# Is it appropriate?



## InquisitiveMan (Jan 10, 2013)

My wife of 5 years has been friends with a single man for about 15 years. He lives in a different state, but they talk and message each other often. I have never met him and he seems like a decent guy, but I've always thought he may have some feelings for her. Also, she is very attractive and has a very successful occupation.

Recently, I found out that he is buying her a Cartier bracelet with a some of his bonus. He is not rich by any means, but he does ok. They had a conversation though texts and my wife was really excited. He sent her a picture of it from the store and she was giving him the size she would want it in.

From my perspective, I find it inappropriate for him to be doing this. I know, if I was a single I would never buy a married woman really expensive jewelry. To me, I think it would be disrespectful to her husband and simply inappropriate.

I asked her about it and at first she said it was a joke. Then she said he got a big bonus and there is nothing wrong with it. I asked if the tables were turned if she had a problem with it and she said she wouldn't. 

What do you make of this? Am I right for expressing concern? 

Thanks!


----------



## KathyBatesel (Apr 26, 2012)

I wouldn't have had a problem with it if they've been friends for 15 years and you haven't had a reason to suspect their friendship was anything more than platonic. However, when she lied and said it was a "joke" that would give me reason to be concerned that she was NOT simply being platonic.


----------



## 3Xnocharm (Jun 22, 2012)

Yes, I agree it isnt appropriate. Its a nice gesture that as a friend he wants her to have something so nice, but since she is married, expensive jewelry isnt the way to go.


----------



## Enginerd (May 24, 2011)

It is absolutely not appropriate. I don't think I've ever met an average guy (not rich) who did something like this and didn't expect it to have a romantic effect. "I did it because I love her as a friend". Doesn't that sound ridiculous coming from a guy? 

This is huge red flag and you need to start taking a closer look at their relationship. As KB said the joke comment was a huge tell. Time to set some boundaries and see what happens.


----------



## MrK (Sep 2, 2010)

KathyBatesel said:


> However, when she lied and said it was a "joke" that would give me reason to be concerned that she was NOT simply being platonic.


Good call.



InquisitiveMan said:


> Also, she is very attractive and has a very successful occupation.

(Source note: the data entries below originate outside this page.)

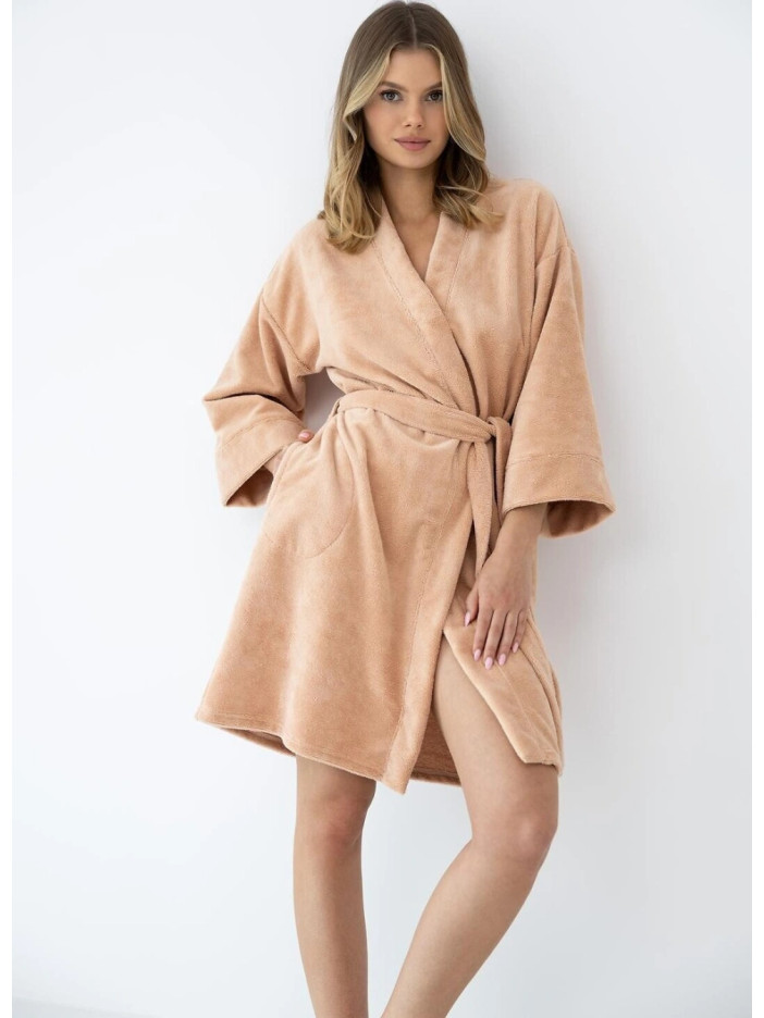 Однотонний махровий халат на запах у благородному золотому відтінку — це поєднання затишку, тепла та домашньої елегантності: м’яка махрова тканина приємно огортає тіло, забезпечуючи комфорт після душу або у прохолодні вечори, запах на пояс дозволяє зручно регулювати посадку та підкреслює жіночний силует, а натуральні компоненти у складі роблять халат приємним до тіла та практичним у щоденному використанні, ідеальний вибір для домашнього відпочинку та щоденного комфорту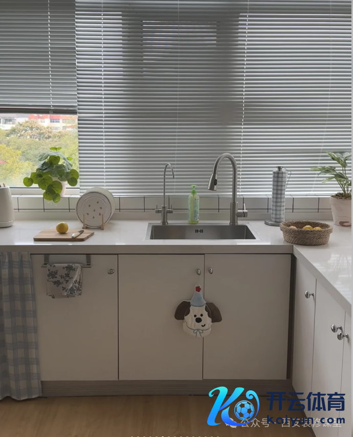 厨房细节 ▪️长3.3m,宽2.2m,总面积7 ㎡ ▪️石英石纯白台面 ▪️柜子是木匠打的,肤感白 ▪️吊顶是铝扣板,低廉也耐看 杂物齐装进柜子里,不想台面太乱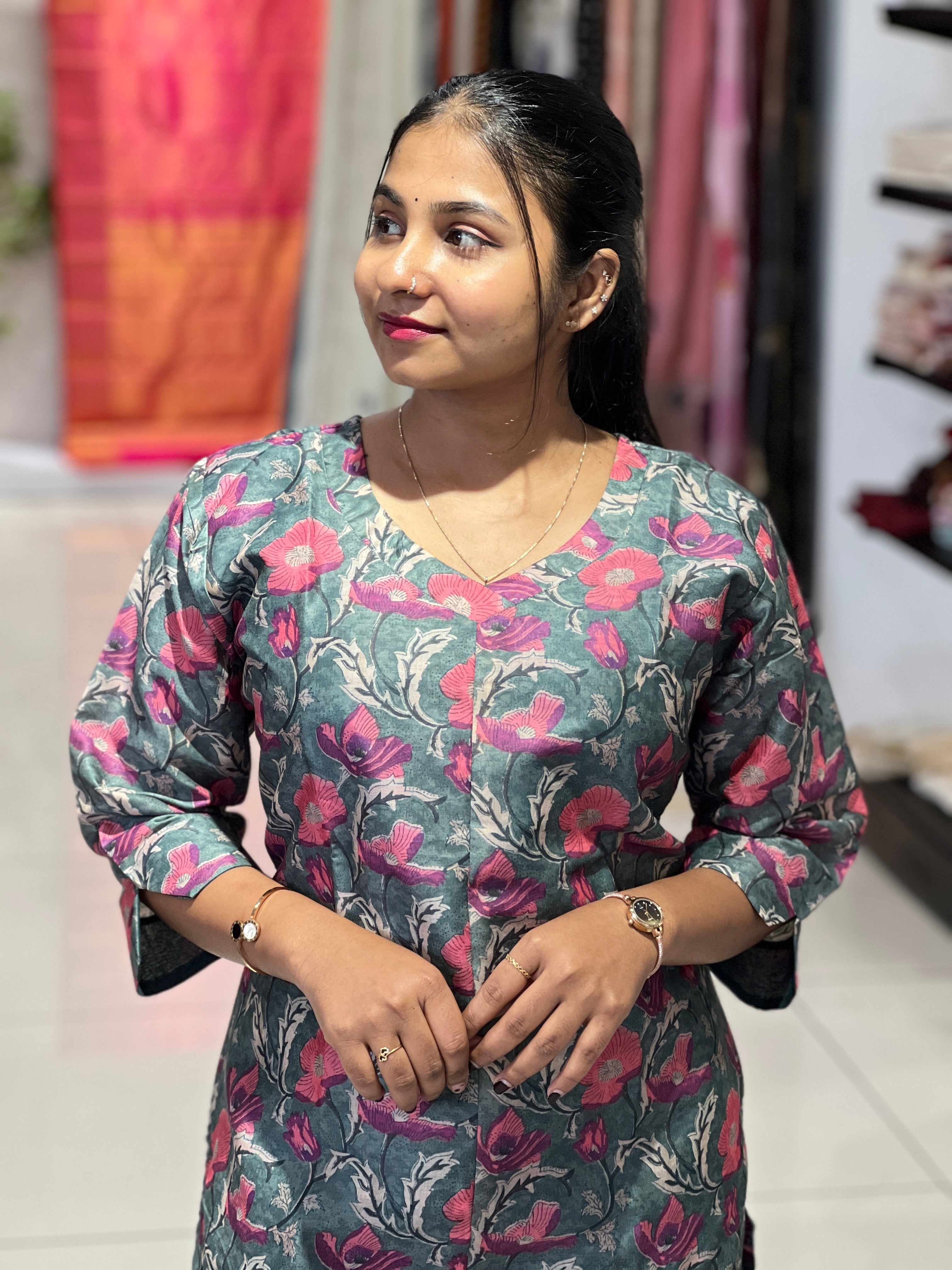 - Style: Floral Print Detailing, With Lining, Side Slit Pattern, Panel Detailing

Don't forget to take into account the fact that he wants to get her naked when contemplating this.


----------



## underwater2010 (Jun 27, 2012)

I did not see anything inappropriate until you mentioned the gift....and then you mention the lie. Tell her if it is not a big deal, then don't accept it. The only jewelry a married woman should recieve from another man is from her husband or family.

You now have red flags....I would start searching for more info.


----------



## Cubby (Mar 28, 2012)

It's inappropriate. She's married. 

Time to go into "trust but verify" mode. Cartier bracelet = red flag. Look at the content of her texts and emails. Just to make sure. You never know.


----------



## DangerousCurves (Jul 18, 2012)

I recommend the book - Not "Just Friends"


----------



## ScarletBegonias (Jun 26, 2012)

I'm not good at sharing my partner with other women in any capacity so I wouldn't even be comfortable with the friendship that involves messaging and emails plus the fact that I'd be suspicious that I had been married to someone for 5 years without having met this wonderful friend.Then if that friend bought my partner some expensive jewelry??That would be the end of the friendship right there.


----------



## anchorwatch (Mar 5, 2012)

I'd put it in a box and send it right back with a note "I'm a little newer in so & so's life than you. Lets keep things comfortable between us. Don't send *my wife* gifts". 

But that's just me.


----------



## InquisitiveMan (Jan 10, 2013)

As someone who has never used forums for relationships, this is great. Thank you all for your replies.


----------



## committed4ever (Nov 13, 2012)

I don't know what world you're living in because nobody in my world is rocking Cartier anything. But inmy world that would be a big he!l no! No to the bracelet but no to the "friendship" also
_Posted via Mobile Device_


----------



## DayDream (May 25, 2011)

Way inappropriate.


----------



## Emerald (Aug 2, 2012)

Cartier white gold "love" bracelet on EBAY for $4,800:

Authentic Cartier 18K White Gold Love Bangle Bracelet Size 19 | eBay

OP -

How does she know this man? Former boyfriend/lover/co-worker/family friend/neighbor ?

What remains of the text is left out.